*ACTIVITY*: Below are some entries; reproduce them exactly and leave every picture out.

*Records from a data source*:

####################

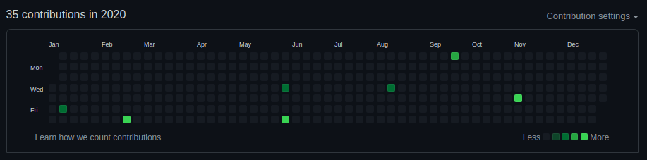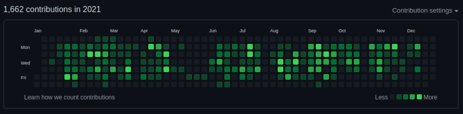 As my github contribution graphs for 2020 vs 2021 show, I’m back writing code on a regular basis.
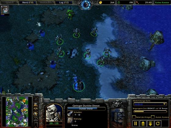 С появлением героя, у нас две возможности. Мы можем подбежать к врагу и с помощью хараса мешать ему крипиться. Или же мы можем сами пойти покрипить мелкие точки - так Дарк Ренджерка быстрей получит второй уровень и соответственно спел Черная стрела. Таким образом, наша армия усиливается скилетами, которых Дарка вызывает из юнитов убитых Черной стрелой. Возможно, что ваша база подвергнется атаки. Тогда возможно использование свитка портала и вы сможете с легкостью прогнать противника.
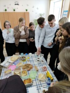 20 лютага адзначылі Дзень роднай мовы вучні 11 класаў, прыгадаўшы традыцыйнае свята Масленку. Было не толькі смачна, але і весела, карысна. Прыгадалі сімвалы беларускага арнаменту, стварылі ўзор з пажаданнямі. Пасля частаванне працягнулася па ўсёй школе, што стварыла добрую, вясёлую атмасферу.
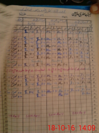 | CNIC | Full Name | Designation | R/C | Absence During Last Calender Month |
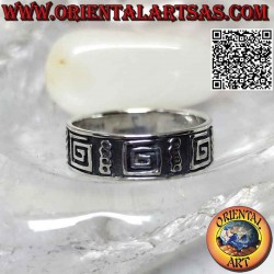 Silver band ring worked with a series of smooth squared spirals in bas-relief
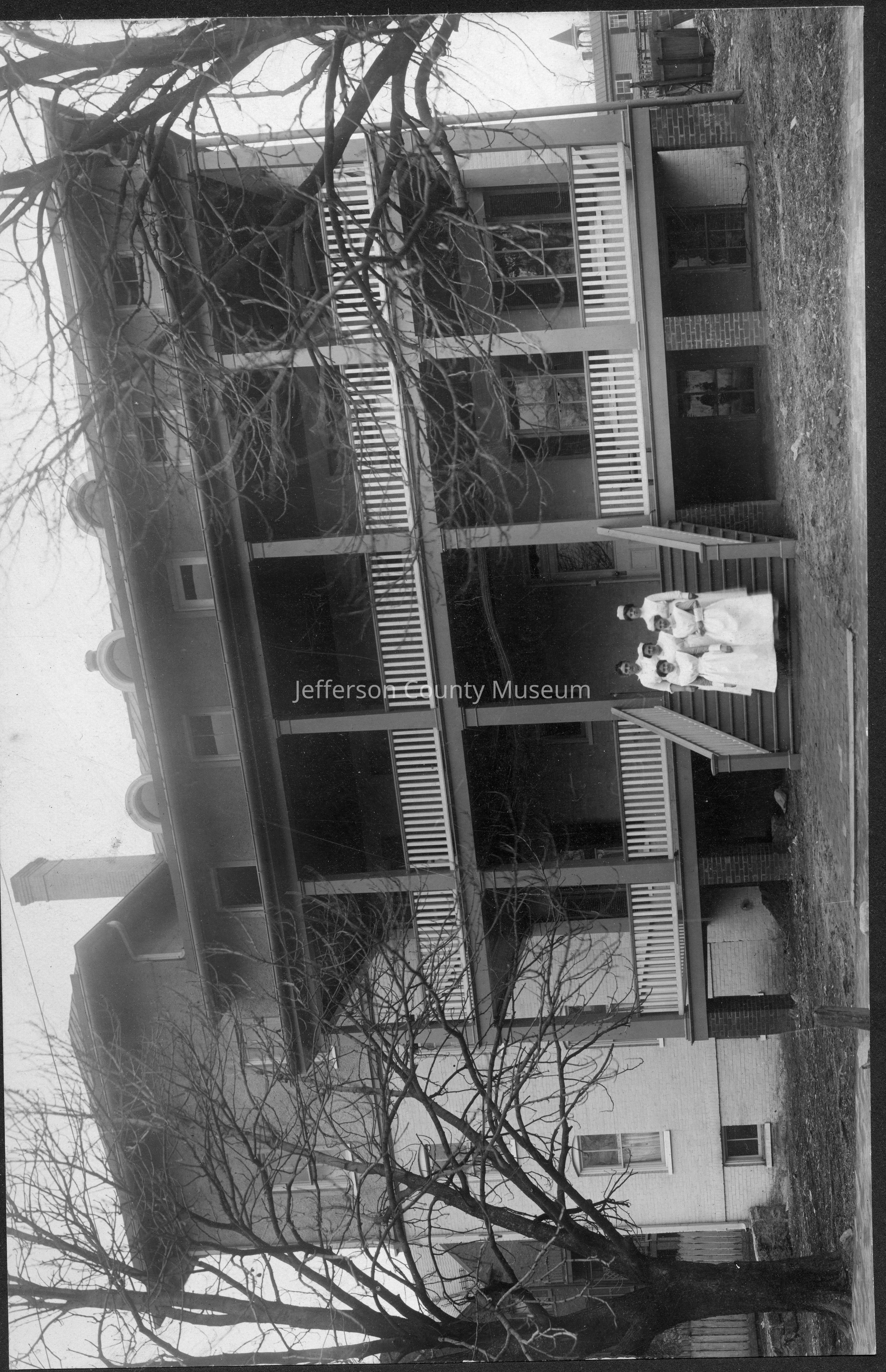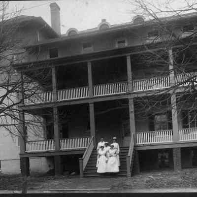 Outside the first Charles Town Hospital. Five nurses standing on the steps. Glued to black cardboard.
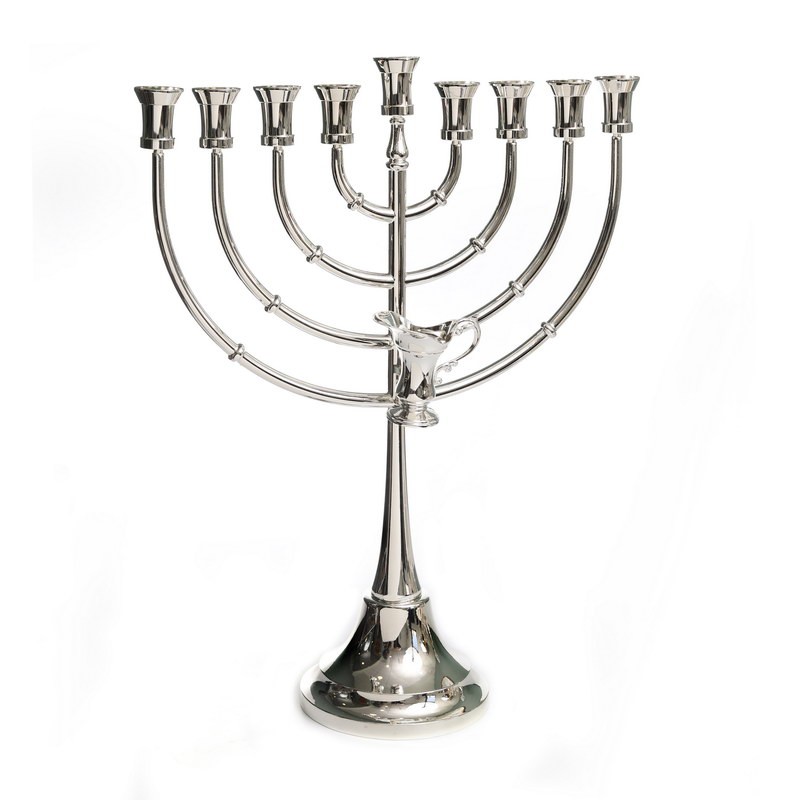 Menorah métal design coloris argent godets tons bleu, hauteur 22cm, Emanuel
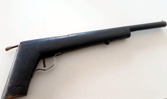 A guarnição se deslocou imediatamente para o endereço. Após a abordagem do suspeito, os policiais encontraram, dentro de uma mochila, uma arma artesanal do tipo garrucha.
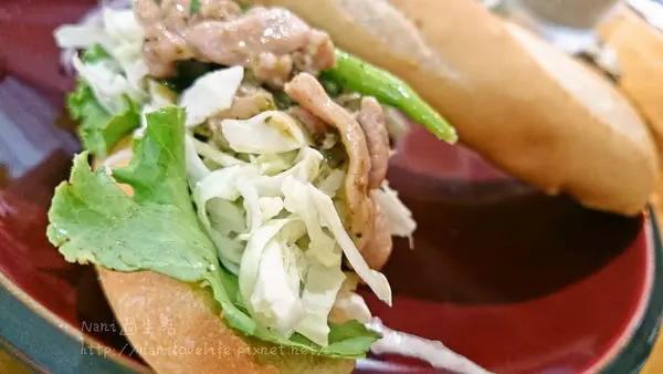 與椰奶一起炒過的綠咖哩雞肉搭配高麗菜絲和四季豆等蔬菜夾在其中,口感帶點微辣,綠咖哩加上椰奶的提味,豐富感更足夠,同時藉由蔬菜來解膩口,同時增加營養的均衡性。
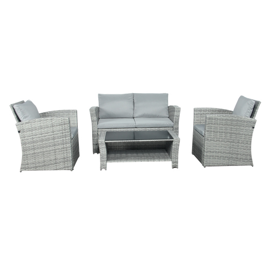 Dunham Grey 4 Seat Rattan Sofa Set with Coffee Table
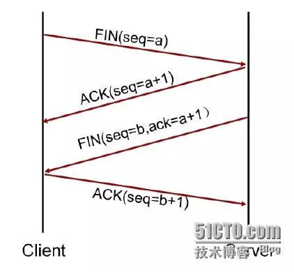 3、服务器端向客户端发送一个FIN终止段(设置序列号为b,确认号为a+1)。
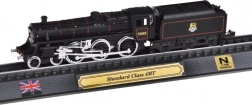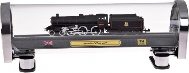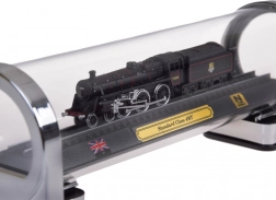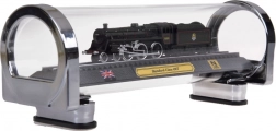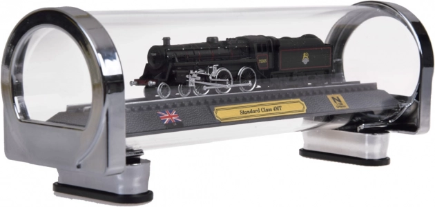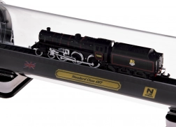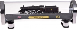 Ez a részletgazdag, brit STANDARD CLASS 4MT gőzmozdony modell ideális választás vasútrajongóknak és stílusos dekorációk kedvelőinek egyaránt. A precíz 1:160 méretarányú kivitel kiemeli az autentikus részleteket, a kontrasztos festést és a finom kerékvonalazást. A modell sínszakaszra rögzítve, elegáns talapzaton áll, plakettel, brit zászlóval és a méretarány feltüntetésével.

####################

*YOUR SOLUTION*:
 As my github contribution graphs for 2020 vs 2021 show, I’m back writing code on a regular basis.
 С появлением героя, у нас две возможности. Мы можем подбежать к врагу и с помощью хараса мешать ему крипиться. Или же мы можем сами пойти покрипить мелкие точки - так Дарк Ренджерка быстрей получит второй уровень и соответственно спел Черная стрела. Таким образом, наша армия усиливается скилетами, которых Дарка вызывает из юнитов убитых Черной стрелой. Возможно, что ваша база подвергнется атаки. Тогда возможно использование свитка портала и вы сможете с легкостью прогнать противника.
 20 лютага адзначылі Дзень роднай мовы вучні 11 класаў, прыгадаўшы традыцыйнае свята Масленку. Было не толькі смачна, але і весела, карысна. Прыгадалі сімвалы беларускага арнаменту, стварылі ўзор з пажаданнямі. Пасля частаванне працягнулася па ўсёй школе, што стварыла добрую, вясёлую атмасферу.
 | CNIC | Full Name | Designation | R/C | Absence During Last Calender Month |
 Silver band ring worked with a series of smooth squared spirals in bas-relief
 Outside the first Charles Town Hospital. Five nurses standing on the steps. Glued to black cardboard.
 Menorah métal design coloris argent godets tons bleu, hauteur 22cm, Emanuel
 A guarnição se deslocou imediatamente para o endereço. Após a abordagem do suspeito, os policiais encontraram, dentro de uma mochila, uma arma artesanal do tipo garrucha.
 與椰奶一起炒過的綠咖哩雞肉搭配高麗菜絲和四季豆等蔬菜夾在其中,口感帶點微辣,綠咖哩加上椰奶的提味,豐富感更足夠,同時藉由蔬菜來解膩口,同時增加營養的均衡性。
 Dunham Grey 4 Seat Rattan Sofa Set with Coffee Table
 3、服务器端向客户端发送一个FIN终止段(设置序列号为b,确认号为a+1)。
 Ez a részletgazdag, brit STANDARD CLASS 4MT gőzmozdony modell ideális választás vasútrajongóknak és stílusos dekorációk kedvelőinek egyaránt. A precíz 1:160 méretarányú kivitel kiemeli az autentikus részleteket, a kontrasztos festést és a finom kerékvonalazást. A modell sínszakaszra rögzítve, elegáns talapzaton áll, plakettel, brit zászlóval és a méretarány feltüntetésével.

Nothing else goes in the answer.